Date Published: January 25, 2017
Publisher: Public Library of Science
Author(s): Jia Deng, Mengchang Yang, Rong Jiang, Ning An, Xiaoshan Wang, Bin Liu, Aamir Ahmad.
Long non-coding RNAs (lncRNAs) play important roles in the malignant behavior of cancer. HOTAIR, a well-studied lncRNA, contributes to breast cancer development, and overexpression of HOTAIR predicts a poor prognosis. However, the regulatory role of HOTAIR in the cancer stem-like cell (CSC) subpopulation remains largely unknown. Our goal was to determine the regulatory functions of HOTAIR in the processes of self-renewal capacity, tumor formation and proliferation of CSCs derived from breast cancer.
We first enriched and incubated the CSC population derived from breast cancer cell line MCF7 (CSC-MCF7) or MDA-MB-231 (MB231, CSC-MB231). Self-renewal capacity and tumor formation were assessed in vitro and in vivo to determine the stemness of CSCs. We assessed the impact on ectopically upregulated or downregulated expression of HOTAIR in CSCs by soft agar, self-renewal capacity and CCK-8 assays. The functional domain of HOTAIR was determined by truncation. RT-qPCR and semiquantitative Western blotting were performed to detect the expression levels of genes of interest. Chromatin IP (ChIP) was employed to detect the transcriptional regulatory activity of p53 on its target gene.
After the identification of CSC properties, RT-qPCR analysis revealed that HOTAIR, but not other cancer-associated lncRNAs, is highly upregulated in both CSC-MCF7 and CSC-MB231 populations compared with MCF7 and MB231 populations. By modulating the level of HOTAIR expression, we showed that HOTAIR tightly regulates the proliferation, colony formation, migration and self-renewal capacity of CSCs. Moreover, full-length HOTAIR transcriptionally inhibits miR-34a specifically, leading to upregulation of Sox2, which is targeted by miR-34a. Ectopic introduction of miR-34a mimics reverses the effects of HOTAIR on the physiological processes of CSCs, indicating that HOTAIR affects these processes, including self-renewal capacity; these effects are dependent on the regulation of Sox2 via miR-34a. Interestingly, tight transcriptional regulation of p53 by HOTAIR was found; accordingly, p21 is indirectly regulated by HOTAIR, resulting in cell cycle entry.

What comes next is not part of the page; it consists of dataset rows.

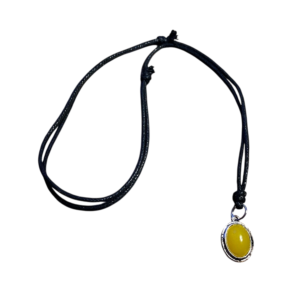 Kaulakoru kauniilla keltaisella kivellä, liukusolmut joista voi säätää pituuden itselle sopivaksi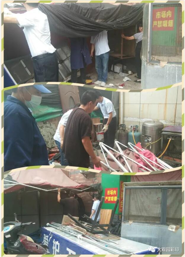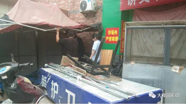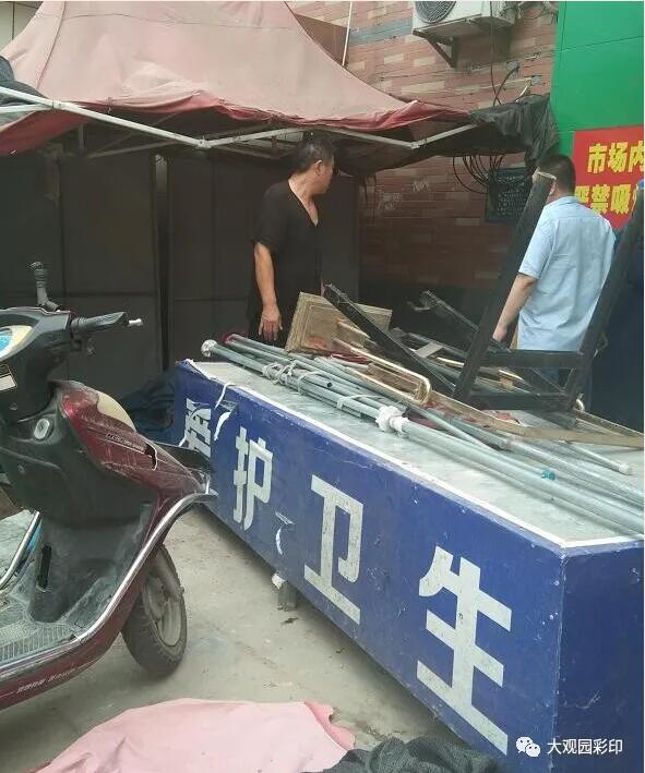 6.24日上午,接到街辦的環(huán)境整改通知后,大觀園市場(chǎng)辦立即行動(dòng)。西安大觀園彩印標(biāo)牌市場(chǎng),西安印刷廠,西安印刷包裝,西安廣告公司下午在市場(chǎng)查主管的帶領(lǐng)下,物業(yè)辦的李師傅、楊師傅積極配合下冒著酷暑拆除了市場(chǎng)西大廳外的亂搭亂建帳篷。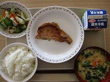 今日の給食のメニューは、「ごはん 牛乳 栃木市産豚肉のねぎ味噌焼き 昆布漬け にら玉汁」でした。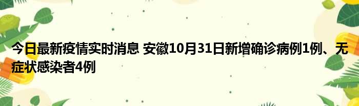 今日最新疫情实时消息 安徽10月31日新增确诊病例1例、无症状感染者4例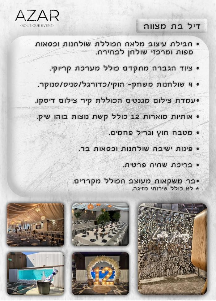 הרכבנו עבורכם את החבילה המושלמת לבת מצווה עד 70 מוזמנים, חבילה הכוללת מגוון אטרקציות לכל חלקי האירוע מערכת תאורה והגברה מתקדמת, חבילת עיצוב מלאה ועוד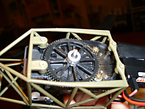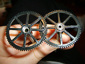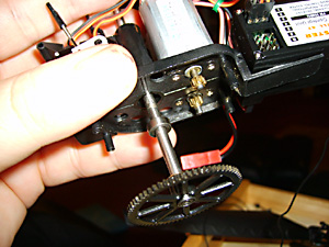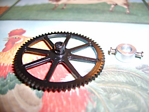 Replacing the Inner Shaft Next prize off the inner shaft gear. It’s a tight fit but it does just pull off. Note the hole in the drive cog shaft. When re-assembling, make sure one of the retaining screws locates in this lug and that it is properly aligned with the notch in the inner shaft. This makes sure that when tightened, the collar turns the inner shaft and does not just rotate. If your rotors don’t turn then this collar, or the one on the outer shaft have probably come loose.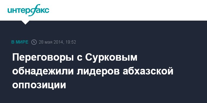 Москва. 28 мая. INTERFAX.RU - Абхазская оппозиция считают переговоры с помощником президента России Владиславом Сурковым "обнадеживающими". Такое мнение озвучил один из лидеров оппозиции Рауль Хаджимба.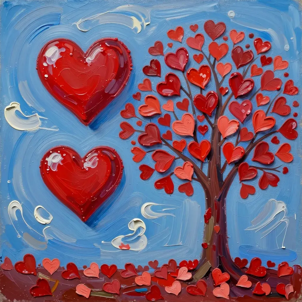 A vibrant tree with glossy red hearts as leaves stands against a soft blue sky, creating a sense of depth and movement. The bright, even lighting highlights the glossy texture of the hearts and the smoothness of the tree trunk, emphasizing the artistic quality of the image.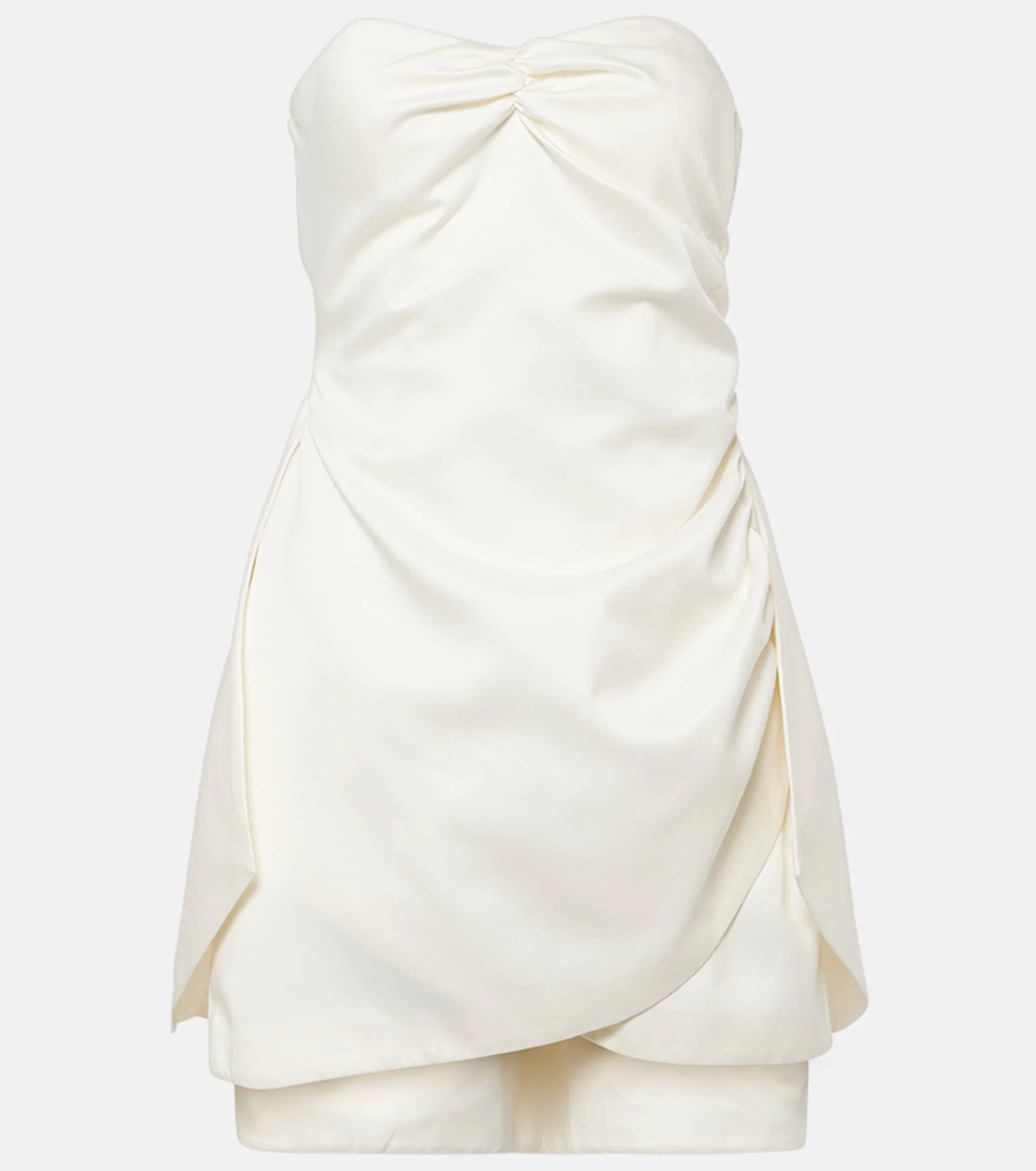 Product Details - Material: 100% recycled polyester - Care instructions: dry clean - Made in China - Designer color name: Egret - Lining: 92% polyester, 8% elastane - Closure: concealed zipper, hook fastening - Item number: P00926692 Size & Fit - True to size - Strapless - Internal boned corset for support - Cinched waist - Non-stretchy fabric - Padded top - The model seen in the picture is 178cm-5'10" and wearing a size DT 34

These results suggest that HOTAIR is a key regulator of proliferation, colony formation, invasion and self-renewal capacity in breast CSCs, which occurs in part through regulation of Sox2 and p53.

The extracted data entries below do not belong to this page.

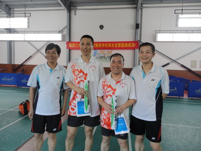 比赛采用抽签随机组合、三场11分制、淘汰赛的方式进行。只见球拍挥舞、白羽翻飞,欢声笑语在运动馆内回荡。经过两个多小时的奋力拼杀,甘德强、潘再平组合拔得头筹,陈昭、孙志锋组合屈居第二,赵荣祥、沈辉组合获得第三。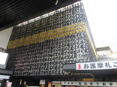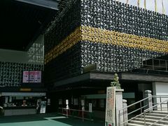 深川不動堂の新しい本堂の写真です。壁面は梵字で経文だと思いますが書かれています。年末で混んでいたので中には入りませんでした。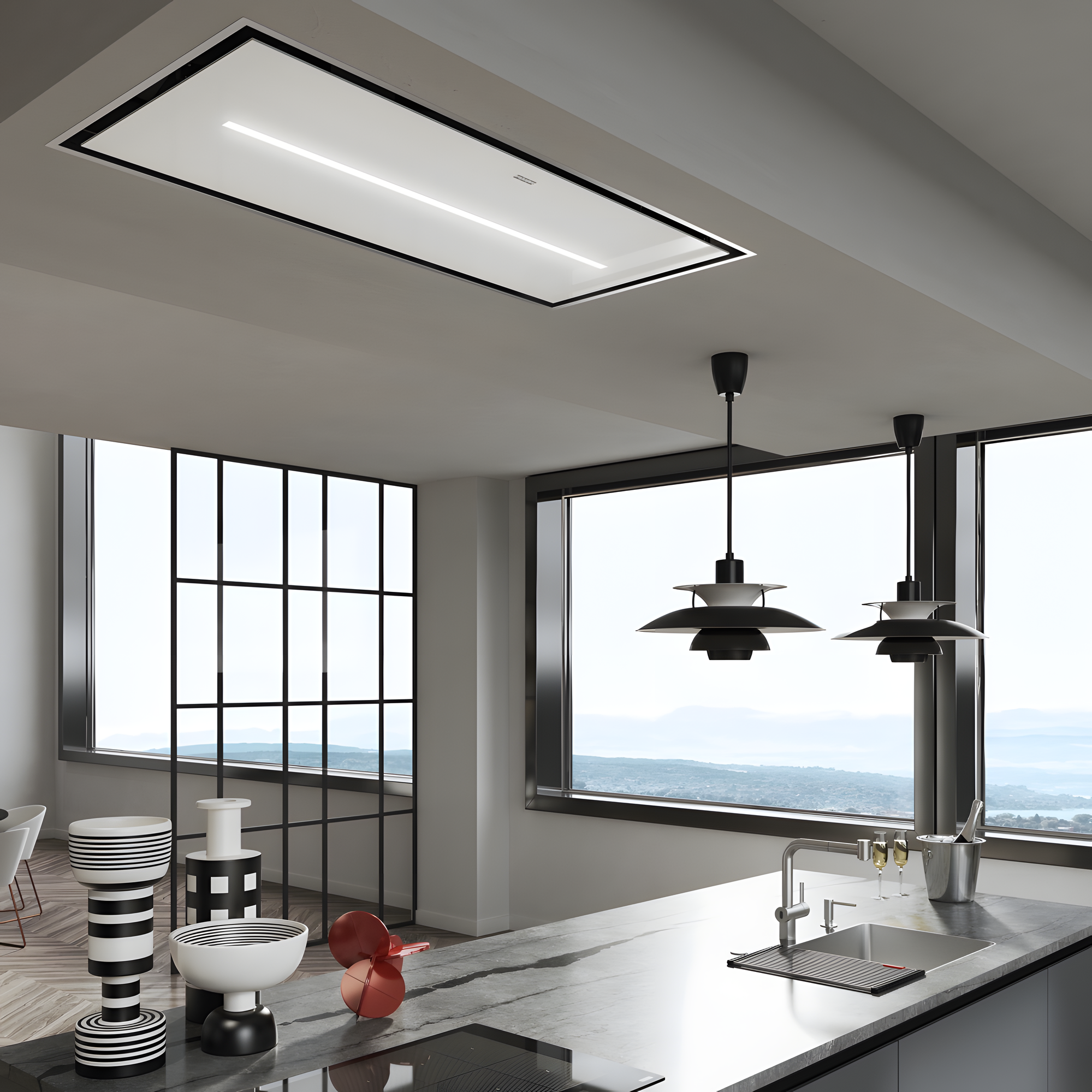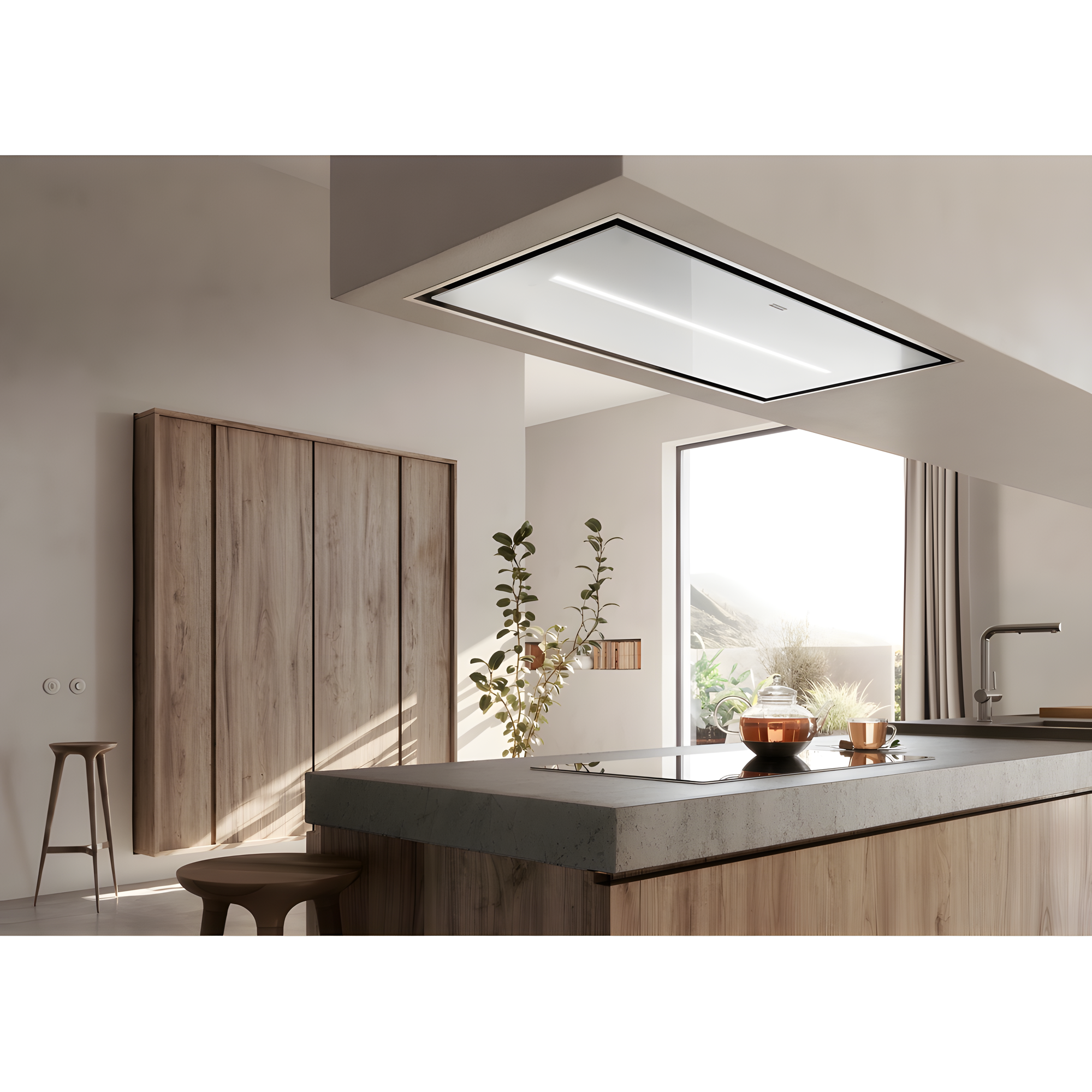 A Coifa Air Hub, número de artigo 350.0679.885, é uma coifa de embutir com acabamento em vidro preto e aço inox, alta capacidade de extração e design flush totalmente integrado ao mobiliário, desenvolvida para eliminar vapores e odores com eficiência e sofisticação em cozinhas modernas.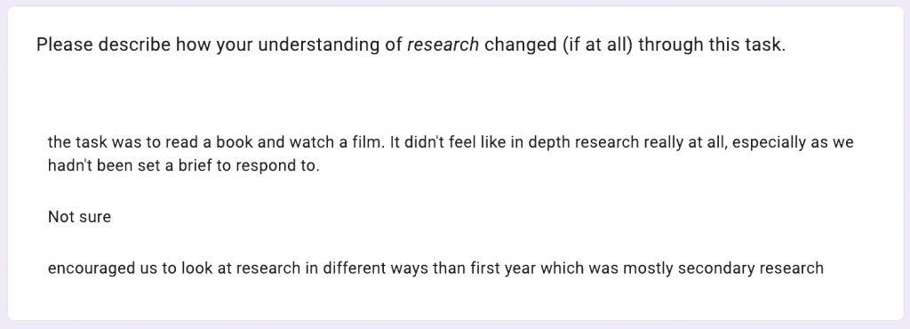 For a portion of students, the project shifted research from something instrumental to something exploratory, but this shift was not universal. Some students still interpreted the task very literally: “The task was to read a book and watch a film” while Others articulated a broader change, seeing research as non-linear and Understanding references as something to return to, not just extract from. Some students recognised that research was a way of building a personal perspective, not just visual content

lncRNAs, which are typically non-protein coding transcripts longer than 200 nucleotides, can epigenetically interact with transcription factors, transcriptional activators or repressors, and different subunits of complexes, including RNA polymerase (RNAP) II and even duplex DNA, to function as transcriptional or post-transcriptional regulators . As a result of their regulatory roles, lncRNAs strongly influence the malignant behavior of cancer, such as tumorigenesis, proliferation, apoptosis, chemoresistance and invasiveness . For example, metastasis-associated lung adenocarcinoma transcript 1 (MALAT-1), an evolutionarily highly conserved and ubiquitously expressed lncRNA, is reportedly highly upregulated in several human malignancies in addition to lung cancer, and it was found to be tightly associated with clinical parameters and promoted invasion and metastasis . However, the functions of thousands of lncRNAs are still unknown, and the extent of their involvement in tumorigenesis is only beginning to be understood.
CSCs are defined as a small fraction of multipotent cells within a tumor that exhibit self-renewal capability and asymmetric cell division [11, 21]. Accumulated evidence has revealed the critical role of CSCs in cancer aggressiveness, metastasis, recurrence and resistance to chemotherapy in several types of cancers. lncRNAs are also reported to play a critical role in cancer progression and metastasis, and one such lncRNAs, HOTAIR, has attracted much attention due to its heightened expression in cancer tissues. For example, in lung cancer and renal cell carcinoma, upregulation of HOTAIR was clearly associated with larger tumor size, advanced pathological stage and extensive metastasis [4, 22, 23, 24]. Overexpression of HOTAIR not only affects tumor formation but also promotes proliferation, migration and invasion in several types of cancers, including gastric, endometrial and lung cancers [9, 25, 26, 27]. The strong association between HOTAIR expression and cancer led us to address whether upregulation of HOTAIR controls cancer by regulating CSCs.